UASM supports generated RIP-rel addressing but it also generates unnecessary COFF relocation in some cases. Consider rip-rel.asm:
.code
lea rax, [lbl]
nop
lbl:
nop
end
Assemble with: uasm64.exe -win64 -Fl rip_rel.asm
You get:
UASM v2.49, Jun 21 2019, Masm-compatible assembler.
rip_rel.asm
.code
00000000 488D0500000000 lea rax, [lbl]
00000007 90 nop
00000008 lbl:
00000008 90 nop
end
The code 488D0500000000 means LEA RAX, [RIP+0]. Why zero? This is because it is relocated by COFF relocation REL32. You can use dumpbin to see it:
RELOCATIONS #1
Symbol Symbol
Offset Type Applied To Index Name
-------- ---------------- ----------------- -------- ------
00000003 REL32 00000000 6 lbl
In this case, the COFF relocation is unnecessary because the distance of the instruction from the label is known to UASM. Do you know any trick how to get rid of the COFF relocation?
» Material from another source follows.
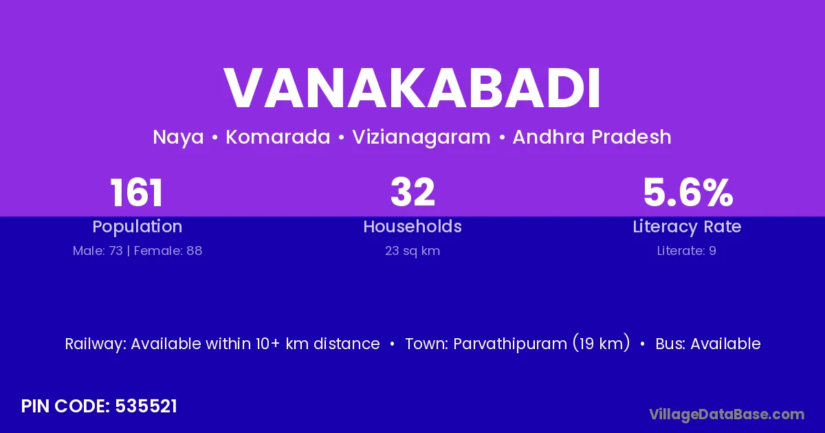 The literacy rate of Vanakabadi village is 5.59%. Male literacy stands at 8.22% and female literacy at 3.41%.

The only solution seems to be manual RIP-rel addressing but I can't use it unfortunately:
.code
lea rax, [rip+(lbl-next)]
next:
nop
lbl:
nop
end
Listing file:
.code
00000000 488D0501000000 lea rax, [rip+(lbl-next)]
00000007 next:
00000007 90 nop
00000008 lbl:
00000008 90 nop
end
The code 488D0501000000 means LEA RAX, [RIP+1] and no COFF relocation is involved.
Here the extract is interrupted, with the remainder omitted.